• ingilizce formal yazıda yazım hataları içeren bir metinden alıntı yapılıp da belirli bir amaçla yazıdaki hatalar muhafaza edildiğinde bunun farkında olunduğunu göstermek için alıntının sonuna köşeli parantez içinde koyulan sözcük.
    örneğin: tansu çiller bugünkü konuşmasında "halüs.., hassün, hösülüs... hönsül.. halüsinasyon görüyorlar![sic]" dedi.
  • bir alıntıyı aktaranın, "elçiye zeval olmaz" demek için kullandığı latince deyiş.
  • yazili ingilizcede yapilan bir alintinin icerdigi imla veya gramer hatalari da aynen aktarilirsa, bunlarin sorumlulugunu orjinal kaynaga yikmak icin kullanilir. alintiyi yapanin bir nevi "ben bu kadar salak degilim elbette" deme seklidir. her imla hatasindan sonra, koseli parantez icinde italyik [sic] fonla yuazilir [sic], eger hata gramer hatasiysa konulur cumle sonunda onu [cok sic].

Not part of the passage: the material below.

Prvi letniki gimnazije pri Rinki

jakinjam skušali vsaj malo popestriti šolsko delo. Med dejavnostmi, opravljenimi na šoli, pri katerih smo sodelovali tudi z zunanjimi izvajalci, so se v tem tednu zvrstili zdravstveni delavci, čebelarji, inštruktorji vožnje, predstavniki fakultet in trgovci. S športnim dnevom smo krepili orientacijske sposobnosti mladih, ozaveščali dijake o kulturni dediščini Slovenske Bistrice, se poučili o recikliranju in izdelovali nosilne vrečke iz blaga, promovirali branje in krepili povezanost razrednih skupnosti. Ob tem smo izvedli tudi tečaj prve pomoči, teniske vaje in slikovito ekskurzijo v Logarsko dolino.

  • silisyum karbur veya gavurca silicon carbide
  • (bkz: backronym)
  • zamanında matematik hocamın sıkca yaptığı espiridir
    karmaşık sayılarda
    cos+isin>cis
    sin+icos>sic bu formu cis'e dönüştürmezsen sıçarsın(sic)

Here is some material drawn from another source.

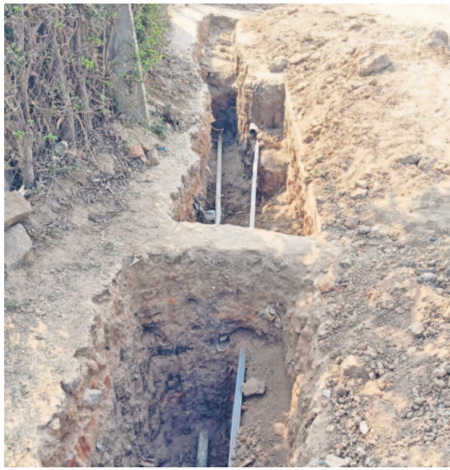
మిషన్ భగీరథ పైపైలైన్

  • latince italic ve köşeli parantez içinde yazılan "sic" teriminin türkçe karşılığı yine italik ve [aynen böyle] olarak kullanılmaktadır.

    niye kullanıyoruz bu [*sic*] ibaresini efendim? şöyle ki:
    bir alıntı yapıyor ve gerek içeriği gerekse imlasını hatalı buluyorsak ya da yazarın bilerek ya da bilmeyerek uygun olmayan bir ifade kullandığını düşünüyorsak kendi notumuzu düşmek açısından yazıveriyoruz. hayatta kaç kere kullanılır bilemedim ama bu da böyle bir bilgi işte...
  • la oğlum heyecanlanma, bunun böyle yazılmadığını biliyorum ama alıntı yaptığım herifin ne kadar denyo olduğunu göstermek için düzeltmeden bıraktım'ın latincesi.